C: how to read in a variable amount of info from files and store it in array

I am not used to programming in c, so I am wondering how to have an array, and then read a variable amount of variables in a file, and those these files in the array.
//how do I declare an array whose sizes varies
do {
char buffer[1000];
fscanf(file, %[^\n]\n", buffer);
//how do i add buffer to array
}while(!feof(file));

int nlines = 0
char **lines = NULL; /* Array of resulting lines */
int curline = 0;
char buffer[BUFSIZ]; /* Just alloocate this once, not each time through the loop */
do {
if (fgets(buffer, sizeof buffer, file)) { /* fgets() is the easy way to read a line */
if (curline >= nlines) { /* Have we filled up the result array? */
nlines += 1000; /* Increase size by 1,000 */
lines = realloc(lines, nlines*sizeof(*lines); /* And grow the array */
}
lines[curline] = strdup(buffer); /* Make a copy of the input line and add it to the array */
curline++;
}
}while(!feof(file));

Arrays are always fixed-size in C. You cannot change their size. What you can do is make an estimate of how much space you'll need beforehand and allocate that space dynamically (with malloc()). If you happen to run out of space, you reallocate. See the documentation for realloc() for that. Basically, you do:
buffer = realloc(size);
The new size can be larger or smaller than what you had before (meaning you can "grow" or "shrink" the array.) So if at first you want, say, space for 5000 characters, you do:
char* buffer = malloc(5000);
If later you run out of space and want an additional 2000 characters (so the new size will be 7000), you would do:
buffer = realloc(7000);
The already existing contents of buffer are preserved. Note that realloc() might not be able to really grow the memory block, so it might allocate an entirely new block first, then copy the contents of the old memory to the new block, and then free the old memory. That means that if you stored a copy of the buffer pointer elsewhere, it will point to the old memory block which doesn't exist anymore. For example:
char* ptr = buffer;
buffer = realloc(7000);
At that point, ptr is only valid if ptr == buffer, which is not guaranteed to be the case.

It appears that you are trying to read until you read a newline.
The easiest way to do this is via getline.
char *buffer = NULL;
int buffer_len;
int ret = getline(&buffer, &buffer_len, file);
...this will read one line of text from the file file (unless ret is -1, in which there's an error or you're at the end of the file).
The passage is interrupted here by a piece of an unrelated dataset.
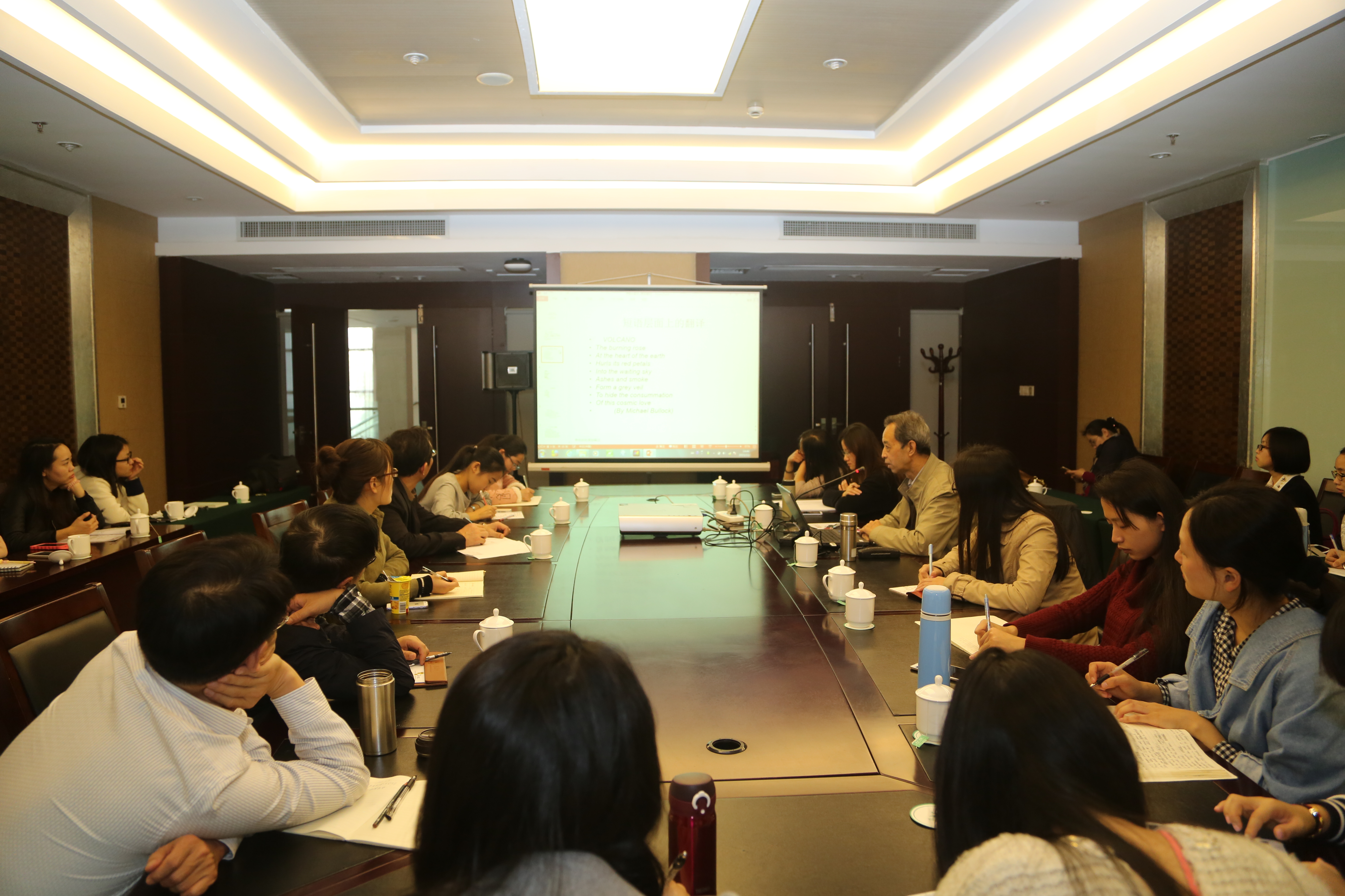 讲座中,王教授从“诗不可译乎?”出发,以四首具体诗歌(Volcano、《江雪》、A Kiss、《登乐游原》)为例,结合自己诗歌创作和翻译的切身体会,深入浅出,旁征博引,在不经意间生动形象地阐释了诗歌的定义、修辞、韵律、特征等,并总结了古典诗歌翻译的理念与原则,向在场的师生展示了欣赏和翻译古典诗歌的无穷魅力。

An array where the string data is in the array entry is usually a non-optimal choice. If the complete set of data will fit comfortably in memory and there's a reasonable upper bound on the number of entries, then a pointer-array is one choice.
But first, avoid scanf %s and %[] formats without explicit lengths. Using your example buffer size of 1000, the maximum string length that you can read is 999, so:
/* Some needed data */
int n;
struct ptrarray_t
{
char **strings;
int nalloc; /* number of string pointers allocated */
int nused; /* number of string pointers used */
} pa_hdr; /* presume this was initialized previously */
...
n = fscanf(file, "%999[\n]", buffer);
if (n!=1 || getc(file)!='\n')
{
there's a problem
}
/* Now add a string to the array */
if (pa_hdr.nused < pa_hdr.nalloc)
{
int len = strlen(buffer);
char *cp = malloc(len+1);
strcpy(cp, buffer);
pa_hdr.strings[pa_hdr.nused++] = cp;
}
A reference to any string hereafter is just pa_hdr.strings[i], and a decent design will use function calls or macros to manage the header, which in turn will be in a header file and not inline. When you're done with the array, you'll need a delete function that will free all of those malloc()ed pointers.
If there are a large number of small strings, malloc() can be costly, both in time and space overhead. You might manage pools of strings in larger blocks that will live nicely with the memory allocation and paging of the host OS. Using a set of functions to effectively make an object out of this string-array will help your development. You can pick a simple strategy, as above, and optimize the implementation later.